Title: Black Lament
Author: Christina Henry
Series: Black Wings #4
Rating Out of 5: 3.5 (Liked this),
My Bookshelves: Angels, Ghosts, Paranormal fantasy
Publisher: Ace Fantasy
5th sentence, 74th page: I acknowledged this with a nod.
As an Agent of Death, Madeline Black deals with loss every day. But when tragedy touches her own life, Maddy will have to find the strength within to carry on…
Devastated and grieving, Maddy unexpectedly finds hope with the discovery that she is pregnant. But her joy is short-lived when Lucifer informs her that he wants the baby, hoping to draw on the combined power of two of his bloodlines. Maddy is determined that her grandfather will never have her child, but she’s not sure what she can do to stop him.
Being pregnant is stressful enough, but Maddy suddenly finds herself at odds with the Agency, which forbids her from meddling in the affairs of the supernatural courts. When a few of her soul collections go awry, Maddy begins to suspect that the Agency wants to terminate her employment. It should know by now that she isn’t the sort to give up without a fight…
Black Lament had a very drastic change in tone to the first three Black Wings stories. And honestly, I’m not sure how I feel about it. On one hand, it showed an amazing ability to have a changing and dynamic character; on the other, I love Maddy Black for her sass, sarcasm and wit, all of which were tainted by a black halo of depression.
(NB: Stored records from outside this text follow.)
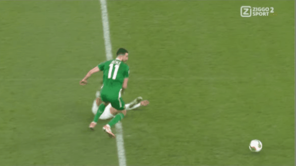 45’帕洛特帶球突入禁區(qū)內(nèi)切射門命中,愛爾蘭2-0葡萄牙
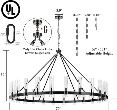 70 Inch Black Wagon Wheel Chandelier with Glass Shade, 24 Lights, Modern Farmhouse Style, Ideal for Dining Room, Kitchen, Entryways A115-B0CHF7PP6Z
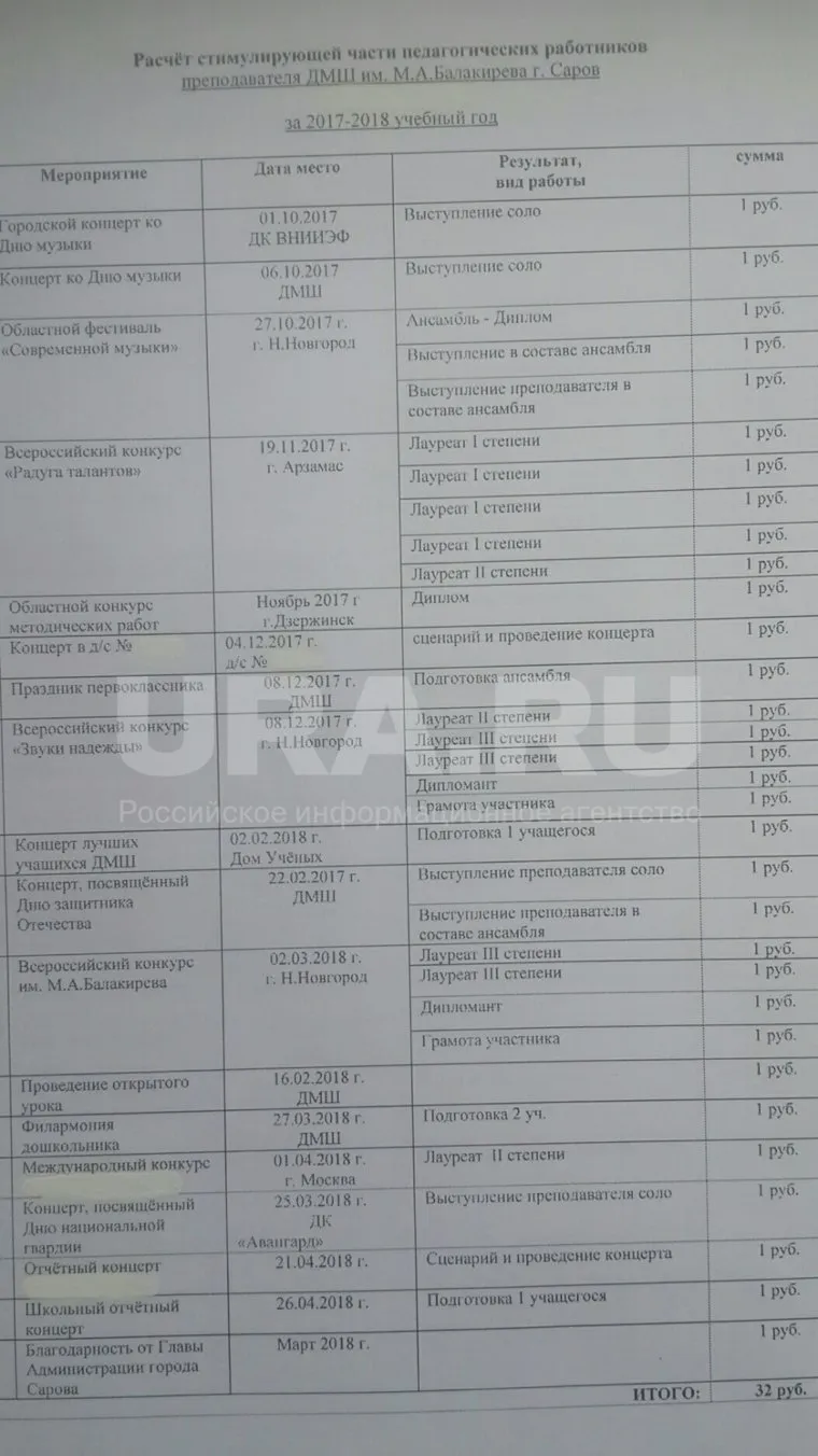 В Сарове Нижегородской области преподаватель музыкальной школы имени Балакирева Юлия Синицкая за 17 месяцев работы получила 80 рублей стимулирующих выплат. По ее словам, педагоги заведения в течение двух лет не получали никаких премий, поскольку директор школы говорила, что на это денег нет.

When they were present. However, this change in the general ambiance of the tale really should have been obvious from the title of the novel.
Although the black haze through which Maddy travels in Black Lament was incredibly bothersome, it was really her slow greying of morals that I found difficult to stomach. Throughout the series she has clung stubbornly to her morality and sense of self, yet, the moment her unborn child is threatened, she does everything she always swore she wouldn’t. Yes, it is a fantastic testament to the lengths that a woman will go to for her child, but, mostly I just found it difficult. The change seems totally plausible in a character’s development; it wasn’t one that I truly appreciated. I suppose because this character had always conducted herself in very much a ‘right and wrong’, ‘black and white’ way, and all of a sudden the lines are incredibly blurred.
Honestly, it was Beezle and Samiel who really saved this story for me. Where Maddy is almost difficult to really sympathise with throughout this story, Beezle and Samiel stay true to themselves, and even to Maddy. Although Beezle is often a voice of conscious to her, and constantly questions whether she has already crossed the line, he is still loyal. Both characters seem to be determined to save and protect her, even if it is just from herself.